Diffusely bound Mg2+ ions slightly reorient stems I and II of the hammerhead ribozyme to increase the probability of formation of the catalytic core.

The hammerhead ribozyme is one of the best-studied small RNA enzymes, yet is mechanistically still poorly understood. We measured the Mg(2+) dependencies of folding and catalysis for two distinct hammerhead ribozymes, HHL and HH alpha. HHL has three long helical stems and was previously used to characterize Mg(2+)-induced folding. HH alpha has shorter stems and an A.U tandem next to the cleavage site that increases activity approximately 10-fold at 10 mM Mg(2+). We find that both ribozymes cleave with fast rates (5-10 min(-1), at pH 8 and 25 degrees C) at nonphysiologically high Mg(2+) concentrations, but with distinct Mg(2+) dissociation constants for catalysis: 90 mM for HHL and 10 mM for HH alpha. Using time-resolved fluorescence resonance energy transfer, we measured the stem I-stem II distance distribution as a function of Mg(2+) concentration, in the presence and absence of 100 mM Na(+), at 4 and 25 degrees C. Our data show two structural transitions. The larger transition (with Mg(2+) dissociation constants in the physiological range of approximately 1 mM, below the catalytic dissociation constants) brings stems I and II close together and is hindered by Na(+). The second, globally minor, rearrangement coincides with catalytic activation and is not hindered by Na(+).

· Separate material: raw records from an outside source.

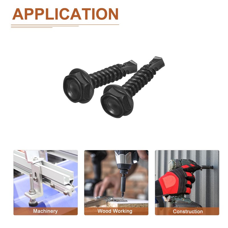 Feature - The metal sheet screws are designed with an external hex drive style with washer, preventing slippage and ensuring a strong hold. The self-drilling design allows faster screwing into hardwood, easy to drill into, such as wood, sheet metal steel, aluminum, plastic, or other materials, reducing cracking problems.
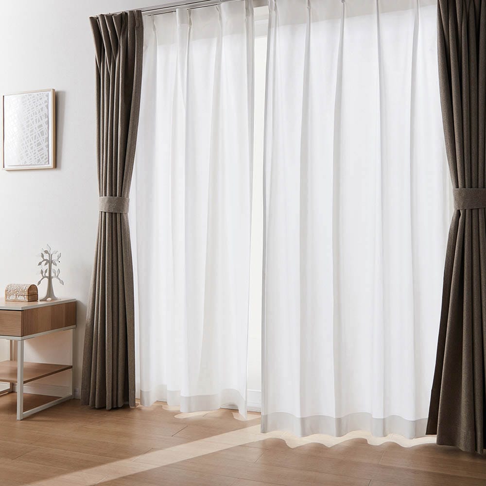 厚手カーテンは重くなく、すぐドレープも効いて、遮光性も良かったです。色は茶色よりです。レースカーテンは白くて部屋が明るくなりました。
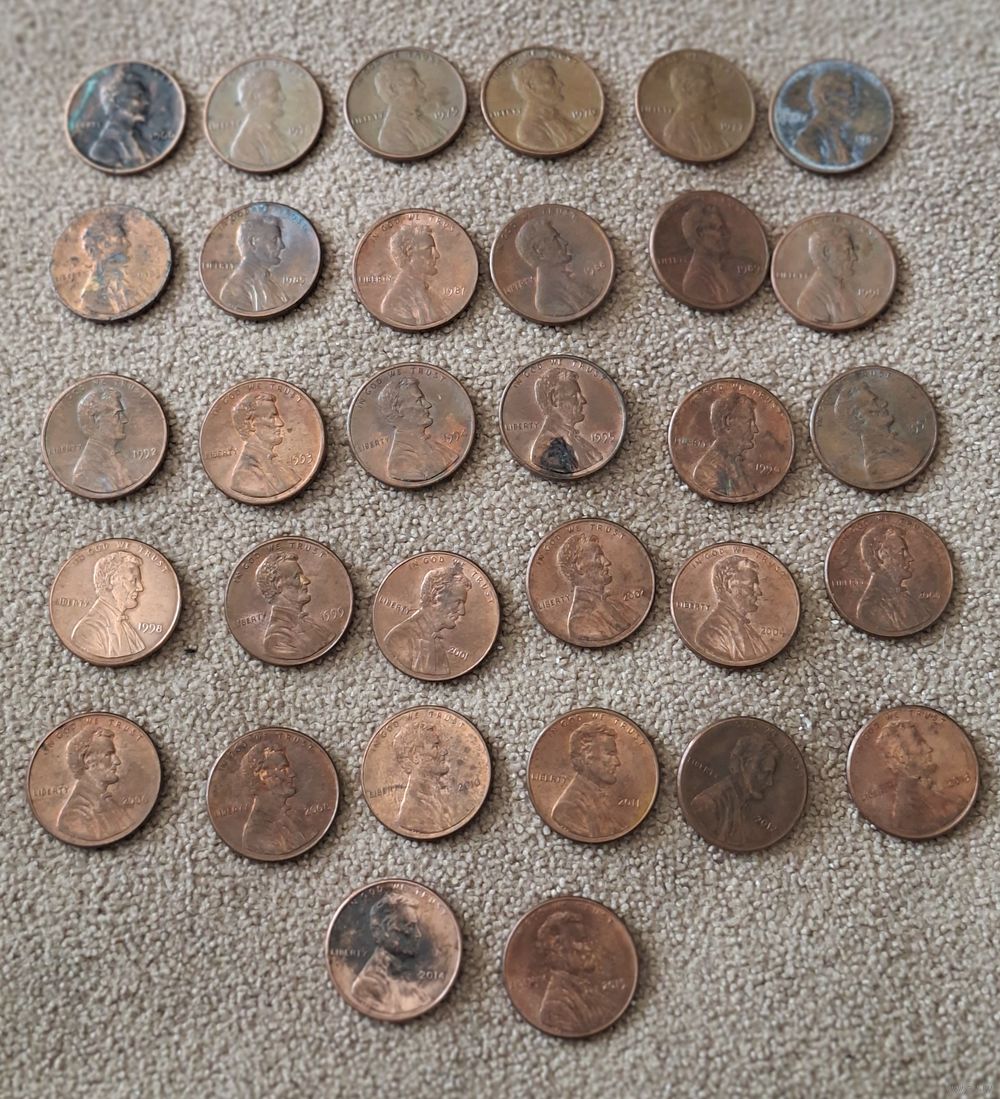 США 1 цент погодовка 32 шт. 2015,2014,2013,2012,2011,2010,2008,2006,2005,2004,2002,2001,1999,1998, 1997,1996,1995,1994,1993,1992,1991,1989,1988,1987,1995,1993,1992,1976, 1975,1974,1966
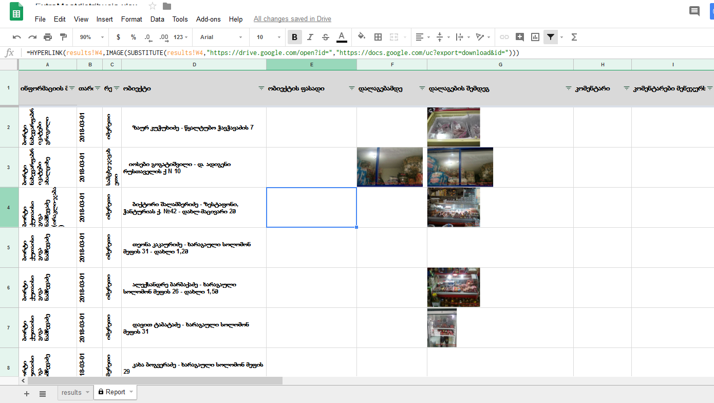 there is also one problem, images here are delivered as a link to the google drive so, if we want to see them you have to click on the link and open them in the separate window, this is of course really bad user experience, and goal is to show them in the cell as a thumbnails.
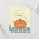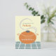 A potluck party invitation featuring an illustration of an orange cooking pot with handles and lid. Pot is sitting on a blue and white surface and has steam coming from under the lid. Personalise the text on front and back. Back features blue surface image at bottom.
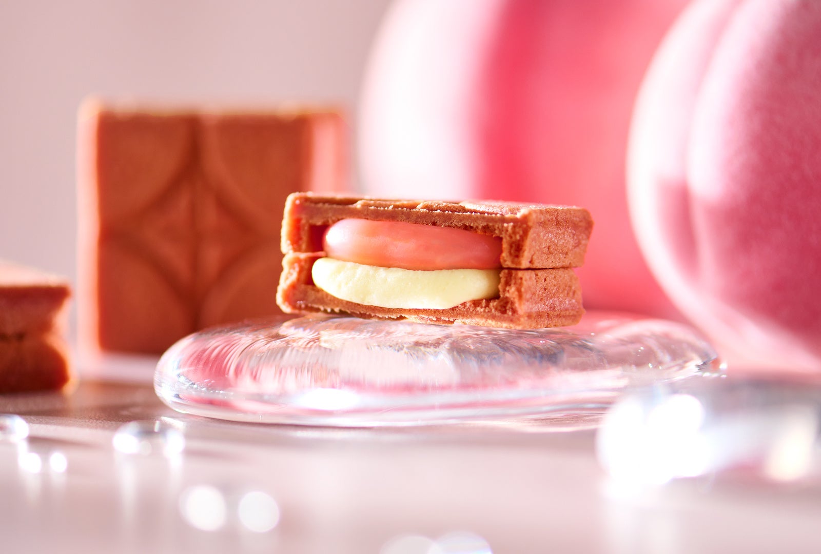 桃ガナッシュと、果肉感のある桃ジャムを練り込んだミルキーでコク深い桃バタークリームをサクサク食感のクッキー生地で挟みました。かじった瞬間にガナッシュの濃厚さと甘酸っぱさ、バタークリームのやさしい甘さがとろりとあふれ出し、桃そのものを食べているような凝縮した味わいが口いっぱいに広がります。
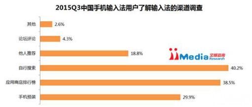 iiMedia Research(艾媒咨询)数据显示,用户主要是通过自行搜索、应用商店排行榜、手机预装和他人推荐等方式了解手机输入法,其中自行搜索和应用商店是最主要的方式。
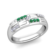 Checkerboard Emerald and Diamond Wedding Ring in 14k Gold, 5.25mm
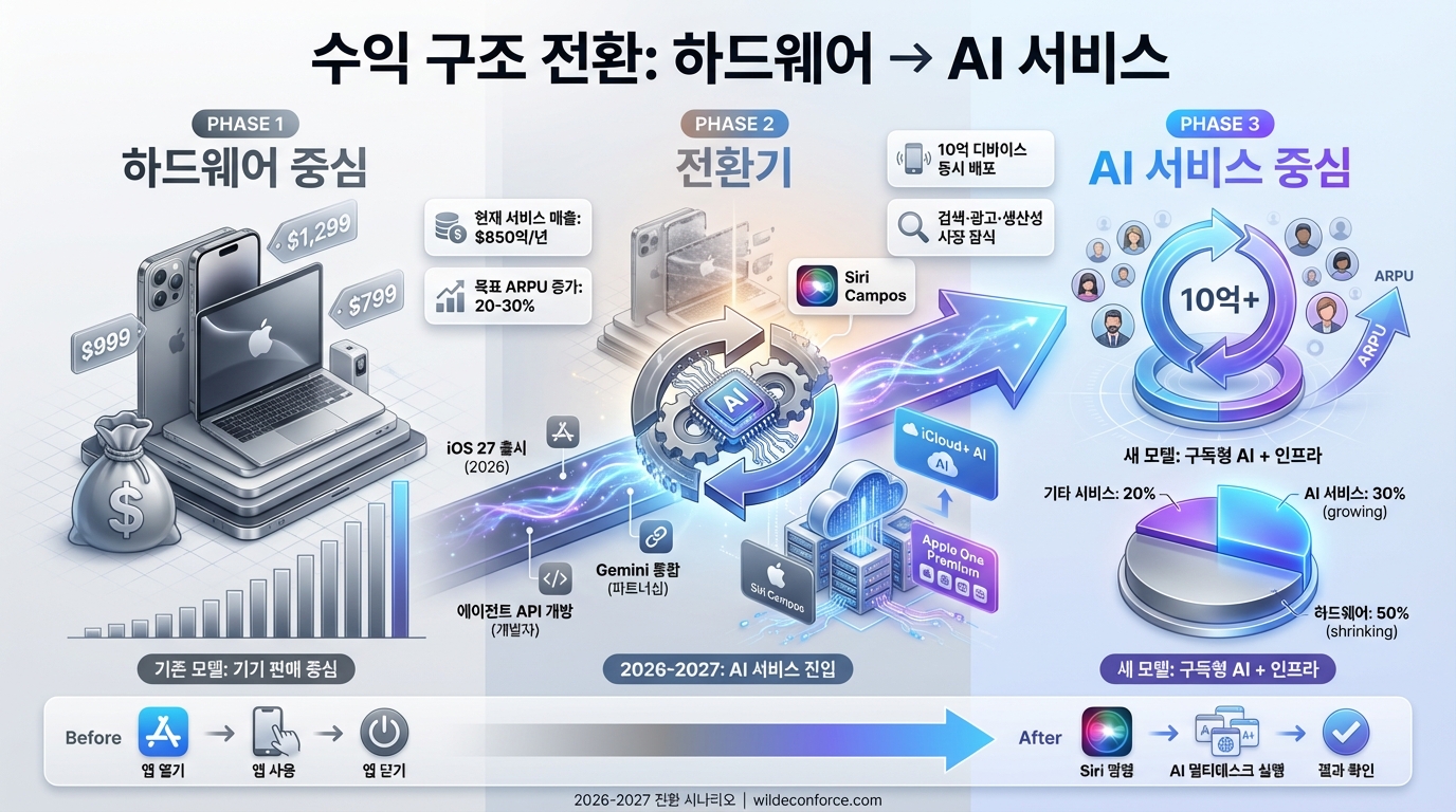 애플은 서비스 매출 ARPU 증가(월 5~10달러 AI 구독)와 기기 교체 수요(iPhone 17/18 슈퍼사이클)로 2026~27년 실적 서프라이즈 가능성이 있으며, 구글은 Gemini 공급 계약으로 iOS·안드로이드 양쪽에서 AI 인프라 수익을 확보하게 된다.
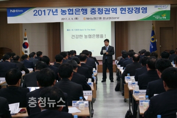 NH농협은행 이경섭 은행장은 9일 충남영업본부 대회의실에서 충남·충북·대전·세종 본부장들을 비롯한 관내 사무소장 등 110여명의 임직원이 참석한 가운데 현장중심 소통 경영 간담회를 가졌다.
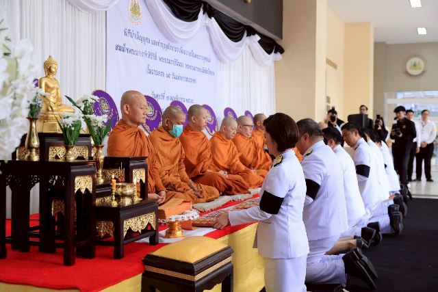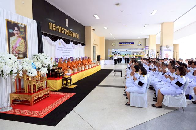 ภายหลังเสร็จสิ้นพิธีสงฆ์ นางสาวตรีนุช เทียนทอง รัฐมนตรีว่าการกระทรวงแรงงาน พร้อมด้วยผู้บริหารระดับสูง ข้าราชการ และเจ้าหน้าที่กระทรวงแรงงาน ร่วมตักบาตรข้าวสารอาหารแห้งถวายพระสงฆ์ จำนวน 10 รูป เพื่อถวายเป็นพระราชกุศลโดยพร้อมเพรียงกัน ซึ่งบรรยากาศเป็นไปด้วยความสงบ สำนึกในพระมหากรุณาธิคุณ และความจงรักภักดีอย่างล้นพ้น
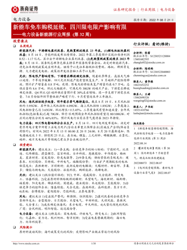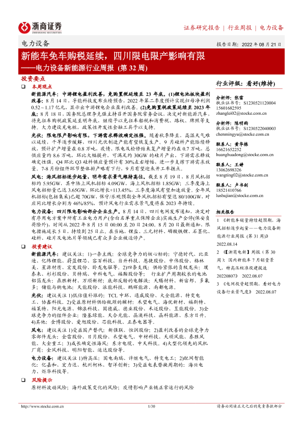【浙商证券】【20220821】20220821-浙商证券-电力设备新能源行业周报(第32周):新能车免车购税延续,四川限电限产影响有限-30页
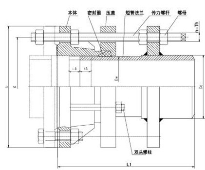 傳力接頭是泵、閥門(mén)等設(shè)備與管道連接的新產(chǎn)品,通過(guò)全螺栓把它們連接起來(lái),使其成為一個(gè)整體,并有一定的位移量,這樣就可以在安裝維修時(shí),根據(jù)現(xiàn)場(chǎng)安裝尺寸進(jìn)行調(diào)整,在工作時(shí),可以把軸向推力傳還至整個(gè)管道。這樣不僅提高工作效率,而切對(duì)泵、閥們等設(shè)備起到一定保護(hù)作用。
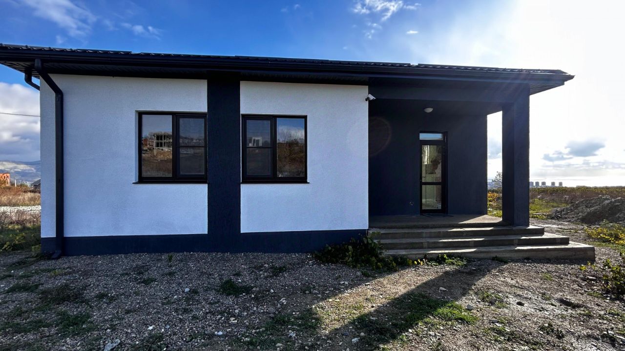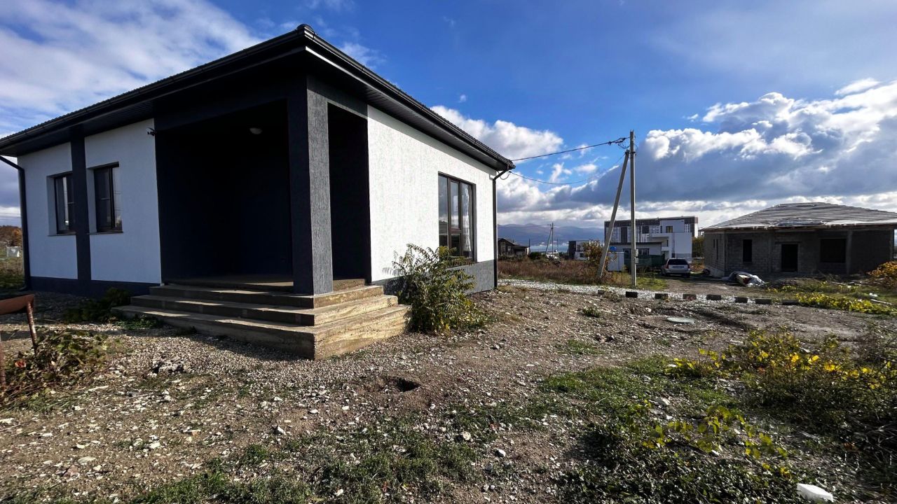 В продаже дом под чистовую отделку. Удобная планировка. Сделана стяжка. Разводка электричества и отопления. Высокие потолки. Панорамное остекление. Потолки 3,20. Скважина 55 м, септик - кольца бетонные. Тихое и спокойное место. Рядом строятся соседи. Есть все этапы стройки и разводки всех коммуникаций. Газ на улице, соседи получают техусловия. Поможем в одобрении ипотеки. Дом оформлен в собственность. Строили по уведомлению на строительство. До моря 7 минут езды.

Additionally, the more active HH alpha exhibits a higher flexibility than HHL under all conditions. Finally, both ribozyme-product complexes have a bimodal stem I-stem II distance distribution, suggesting a fast equilibrium between distinct conformers. We propose that the role of diffusely bound Mg(2+) is to increase the probability of formation of a properly aligned catalytic core, thus compensating for the absence of naturally occurring kissing-loop interactions.